Principles of effective data visualization (using R)
Some basic principles
Taken from various sources (see resources below)
- Show the (raw) data (e.g. individual data points)
- Minimize ‘ink’ and maximize ‘data’
- Keep the graph as simple as is appropriate
- Make graph as self-explanatory as possible
- Emphasize comparisons between values and groups (e.g. same unit)
- Use ‘small multiples’ graphs to show differences between groups
- Pay attention to the meaning of the colour scheme (e.g. see ColorBrewer)
- And think of colour blind people!
- Focus on the story the data is telling
Things to avoid:
- Avoid bar plots: they hide the real data and distort the reality of the data
- (unless the data is proportions/percents)
- Avoid SEM as error bars: isn’t a good measure of spread
- (use SD or interquartile range instead)
- Avoid pie charts: can easily unintentionally distort the data
- (use bar charts with groups side by side)

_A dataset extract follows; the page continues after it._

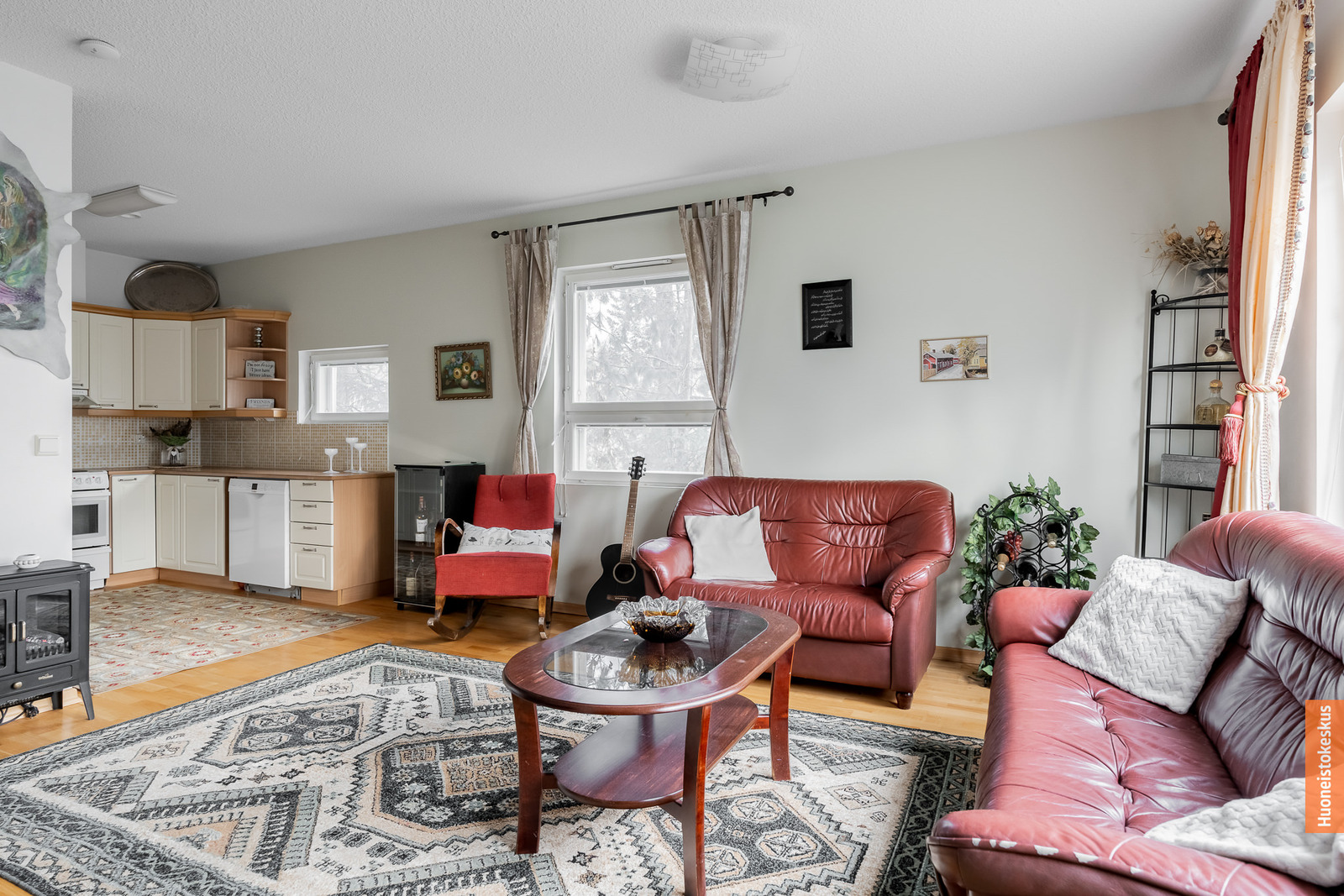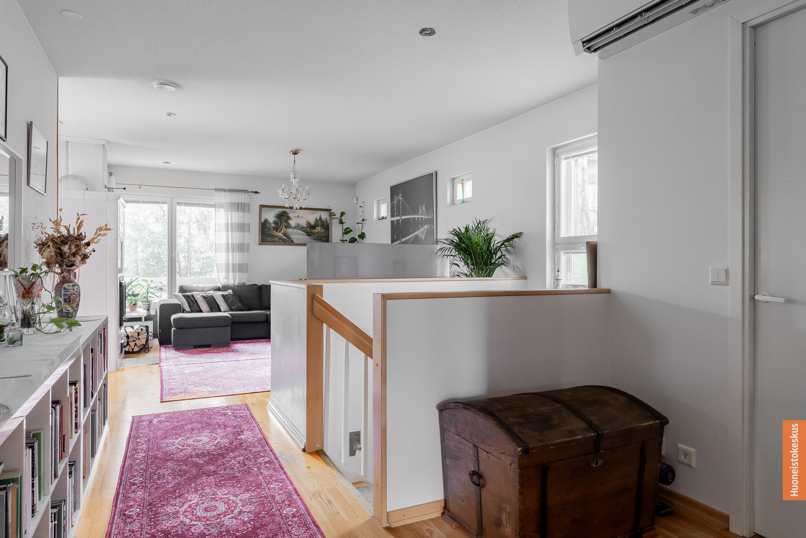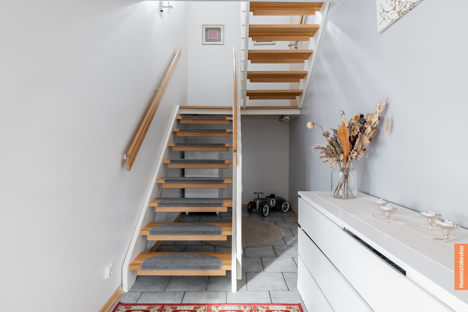 Yläkerrassa sijaitsee pääasunto, jossa tilava ja valoisa olohuone yhdistyy kauniisti varaavan Kermansaven takan ympärille, jossa myös leivinuuni. Keittiö on käytännöllinen ja avautuu tunnelmalliselle lasitetulle terassille, jossa voi nauttia aamukahvit aikaisesta keväästä pitkälle syksyyn. Terassilta on käynti upealle takapihalle, jossa tilaa riittää niin leikkiin, oleiluun kuin puutarhaharrastuksiinkin. Yläkerrasta löytyy myös kaksi tilavaa makuuhuonetta sekä kylpyhuone.

- Avoid 3D charts: they visually distort the data
- (sometimes 3D is needed e.g. with geography)
Resources
Code
fake_data <- data.frame(
Group = as.factor(c(rep('Treatment', 10), rep('Control', 10))),
Weight = c(rnorm(10, mean = 50, sd = 4), rnorm(10, mean = 60, sd = 5))
)
library(dplyr)
#>
#> Attaching package: 'dplyr'
#> The following objects are masked from 'package:stats':
#>
#> filter, lag
#> The following objects are masked from 'package:base':
#>
#> intersect, setdiff, setequal, union
summary_fake <- fake_data %>%
group_by(Group) %>%
summarize(mean = mean(Weight),
se = sqrt(var(Weight) / length(Weight)))
library(ggplot2)
p1 <- ggplot(fake_data, aes(y = Weight, x = Group)) +
geom_boxplot()
p2 <- ggplot(fake_data, aes(y = Weight, x = Group)) +
geom_jitter(width = 0.25)
p3 <- ggplot(summary_fake, aes(y = mean, x = Group)) +
geom_bar(stat = 'identity', width = 0.5)
p4 <- ggplot(summary_fake, aes(y = mean, x = Group)) +
geom_bar(stat = 'identity', width = 0.5) +
geom_errorbar(aes(ymax = mean + se, ymin = mean - se), width = 0.25)
library(gridExtra)
#>
#> Attaching package: 'gridExtra'
#> The following object is masked from 'package:dplyr':
#>
#> combine
grid.arrange(p1, p2, p3, p4, ncol = 2)
library(ggthemes)
ggplot(fake_data, aes(y = Weight, x = Group)) +
geom_jitter(width = 0.25) +
geom_errorbar(stat = 'summary', fun.y = 'mean', width = 0.6,
aes(ymax = ..y.., ymin = ..y..)) +
theme_tufte(base_family = 'sans')
ggplot(iris, aes(y = Petal.Length, x = Petal.Width)) +
geom_point() +
facet_grid(~ Species, ) +
theme_tufte(base_family = 'sans') +
theme(panel.spacing = unit(2.5, 'lines'))
Written on March 1, 2017